(Listed entries)

⟨

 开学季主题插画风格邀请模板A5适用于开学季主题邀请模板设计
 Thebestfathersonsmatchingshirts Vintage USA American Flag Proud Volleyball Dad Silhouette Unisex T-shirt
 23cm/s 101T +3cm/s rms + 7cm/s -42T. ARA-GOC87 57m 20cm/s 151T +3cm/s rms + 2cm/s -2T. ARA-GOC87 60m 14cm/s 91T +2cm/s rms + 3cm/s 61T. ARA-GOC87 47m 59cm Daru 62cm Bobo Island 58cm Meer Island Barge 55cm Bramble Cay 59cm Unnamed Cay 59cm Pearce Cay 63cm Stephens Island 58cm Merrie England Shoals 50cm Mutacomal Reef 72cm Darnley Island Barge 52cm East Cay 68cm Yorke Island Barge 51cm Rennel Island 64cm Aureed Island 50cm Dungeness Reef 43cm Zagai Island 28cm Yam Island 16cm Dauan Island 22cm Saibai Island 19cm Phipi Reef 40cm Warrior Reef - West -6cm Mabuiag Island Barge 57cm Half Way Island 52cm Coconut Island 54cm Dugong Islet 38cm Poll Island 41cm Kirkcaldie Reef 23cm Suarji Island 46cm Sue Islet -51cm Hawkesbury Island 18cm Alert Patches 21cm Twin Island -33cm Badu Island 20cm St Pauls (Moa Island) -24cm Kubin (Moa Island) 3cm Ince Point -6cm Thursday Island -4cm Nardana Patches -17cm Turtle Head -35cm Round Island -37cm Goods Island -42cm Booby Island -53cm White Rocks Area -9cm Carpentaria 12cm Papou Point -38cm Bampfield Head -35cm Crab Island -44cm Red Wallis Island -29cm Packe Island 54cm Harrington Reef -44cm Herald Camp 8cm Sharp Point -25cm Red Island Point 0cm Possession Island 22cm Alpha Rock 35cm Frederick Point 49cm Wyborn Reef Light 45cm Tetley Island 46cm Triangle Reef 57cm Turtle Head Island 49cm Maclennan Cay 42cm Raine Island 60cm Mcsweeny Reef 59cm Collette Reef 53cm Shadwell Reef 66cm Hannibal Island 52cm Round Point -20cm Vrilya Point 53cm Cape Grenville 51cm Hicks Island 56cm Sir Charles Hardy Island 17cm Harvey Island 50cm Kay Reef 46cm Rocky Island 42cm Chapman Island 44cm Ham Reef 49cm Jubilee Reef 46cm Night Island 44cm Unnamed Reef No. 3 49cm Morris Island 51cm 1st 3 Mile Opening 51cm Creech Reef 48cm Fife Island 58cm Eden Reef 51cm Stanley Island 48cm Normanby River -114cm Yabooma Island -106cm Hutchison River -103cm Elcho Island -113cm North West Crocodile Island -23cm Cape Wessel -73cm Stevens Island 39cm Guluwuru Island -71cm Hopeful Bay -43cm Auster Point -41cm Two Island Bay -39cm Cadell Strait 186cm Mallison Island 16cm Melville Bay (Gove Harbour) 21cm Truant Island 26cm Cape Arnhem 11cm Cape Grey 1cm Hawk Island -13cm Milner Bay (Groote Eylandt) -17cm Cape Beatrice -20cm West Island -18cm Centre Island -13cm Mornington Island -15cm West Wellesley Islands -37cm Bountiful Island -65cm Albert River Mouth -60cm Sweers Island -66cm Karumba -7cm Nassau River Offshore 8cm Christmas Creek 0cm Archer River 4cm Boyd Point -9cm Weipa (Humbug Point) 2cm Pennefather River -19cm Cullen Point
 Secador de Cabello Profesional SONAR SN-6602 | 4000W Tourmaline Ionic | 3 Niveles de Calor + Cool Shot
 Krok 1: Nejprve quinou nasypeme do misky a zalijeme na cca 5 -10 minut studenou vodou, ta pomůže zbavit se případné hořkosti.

⟩
⟨

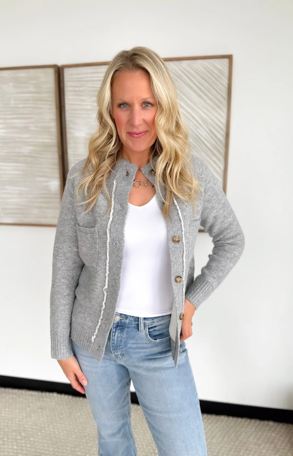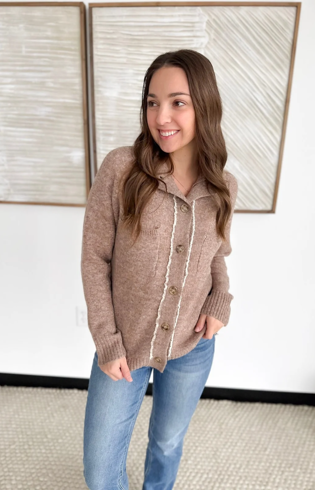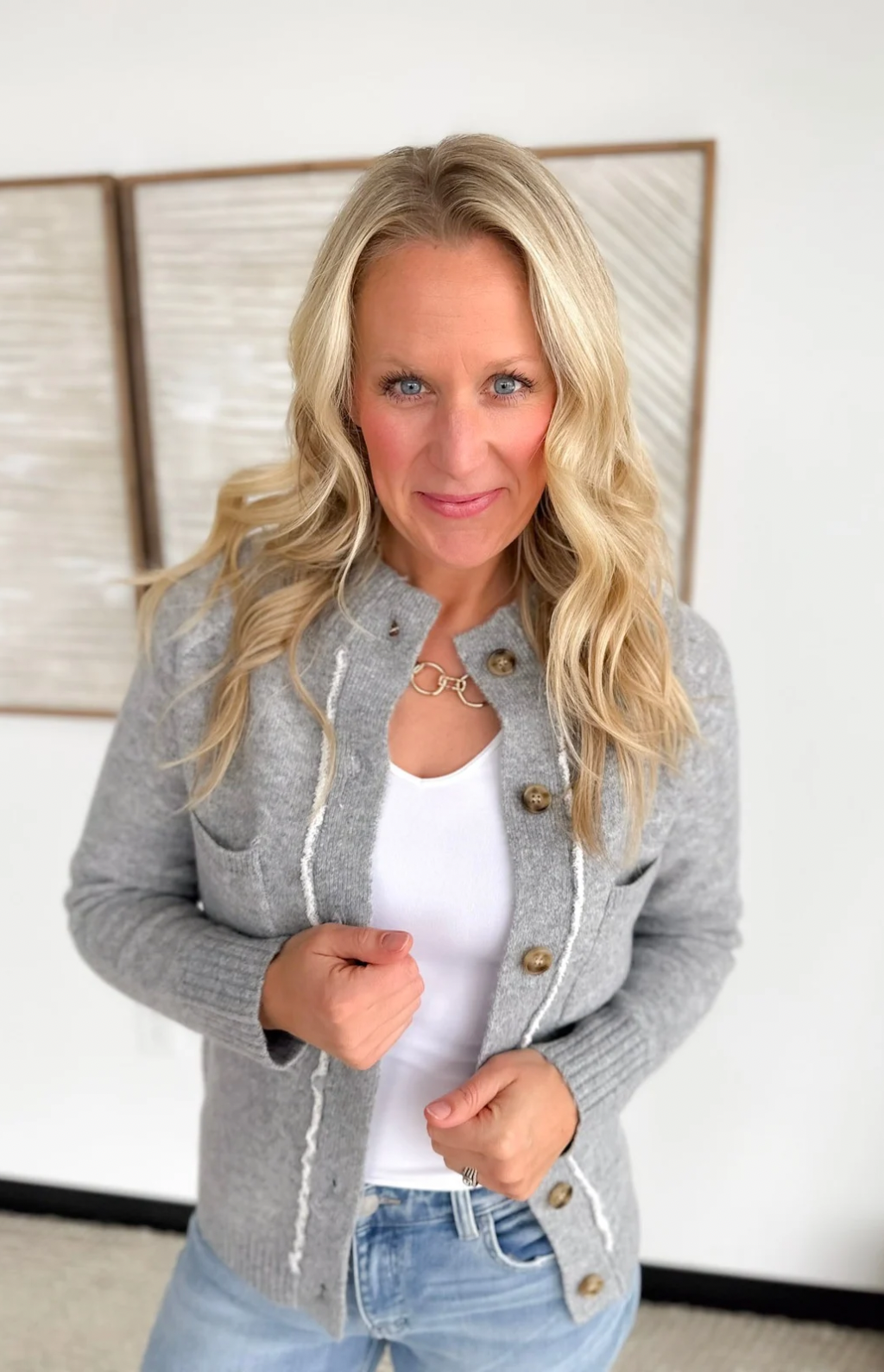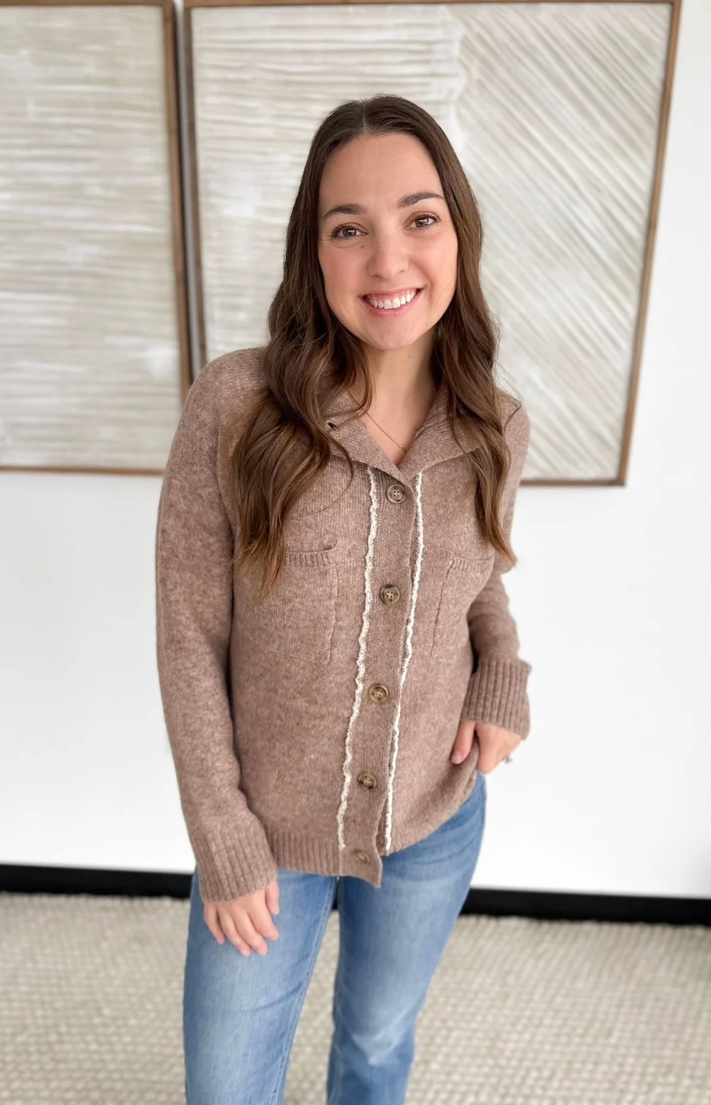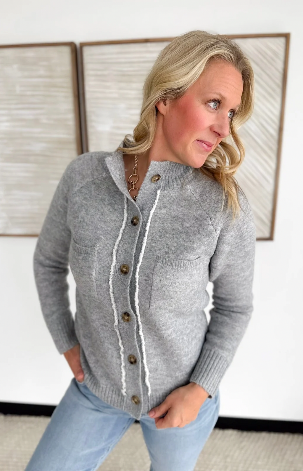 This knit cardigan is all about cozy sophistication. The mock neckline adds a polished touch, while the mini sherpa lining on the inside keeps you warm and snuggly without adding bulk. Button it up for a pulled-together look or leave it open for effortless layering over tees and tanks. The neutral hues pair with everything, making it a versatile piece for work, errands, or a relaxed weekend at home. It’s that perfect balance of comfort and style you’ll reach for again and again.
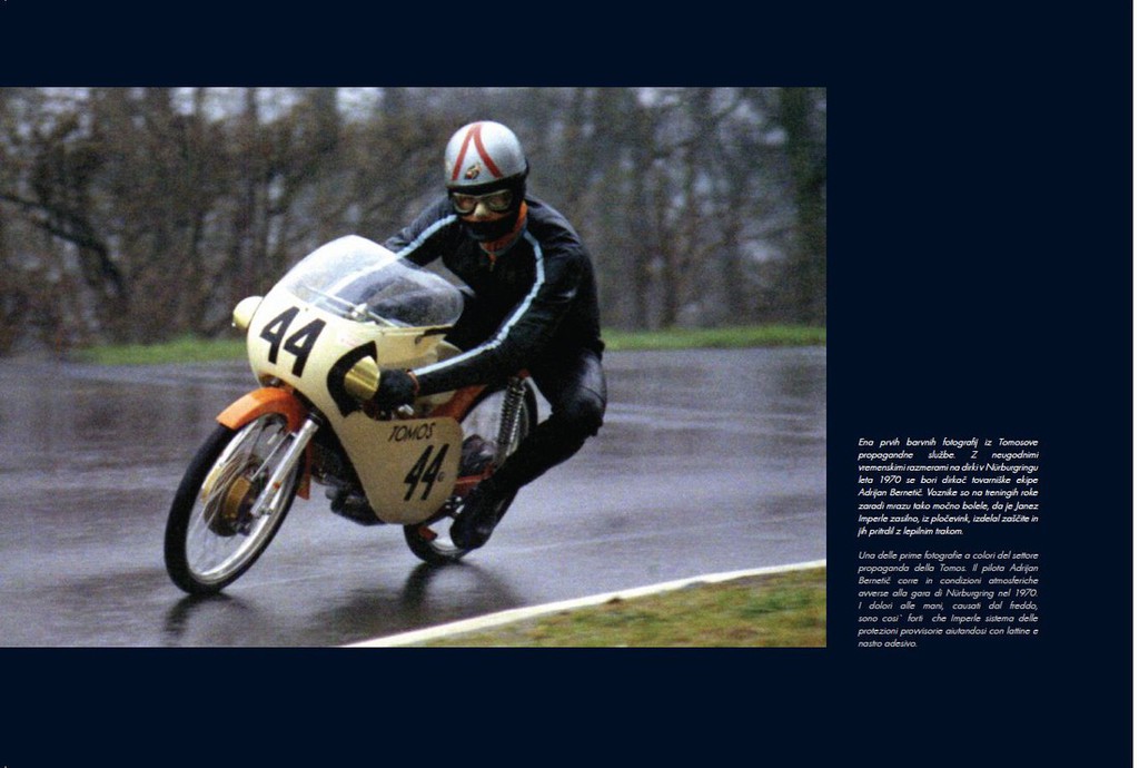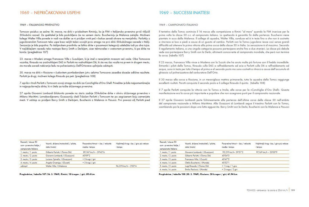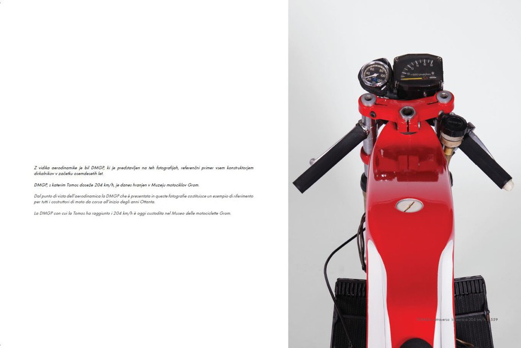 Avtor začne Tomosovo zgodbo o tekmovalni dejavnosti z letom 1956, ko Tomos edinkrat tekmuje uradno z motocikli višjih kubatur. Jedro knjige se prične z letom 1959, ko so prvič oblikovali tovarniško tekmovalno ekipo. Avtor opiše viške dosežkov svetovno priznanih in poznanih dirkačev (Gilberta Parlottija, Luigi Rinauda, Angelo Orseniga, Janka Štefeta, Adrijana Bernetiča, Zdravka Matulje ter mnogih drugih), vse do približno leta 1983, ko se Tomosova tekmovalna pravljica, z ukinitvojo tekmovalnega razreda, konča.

⟩

(Your instructions)
Using the entries shown above, reproduce verbatim the lines from the line bearing "Secador de Cabello" to the line bearing "Krok 1: Nejprve", inclusive.

(Solution for this exercise)
 Secador de Cabello Profesional SONAR SN-6602 | 4000W Tourmaline Ionic | 3 Niveles de Calor + Cool Shot
 Krok 1: Nejprve quinou nasypeme do misky a zalijeme na cca 5 -10 minut studenou vodou, ta pomůže zbavit se případné hořkosti.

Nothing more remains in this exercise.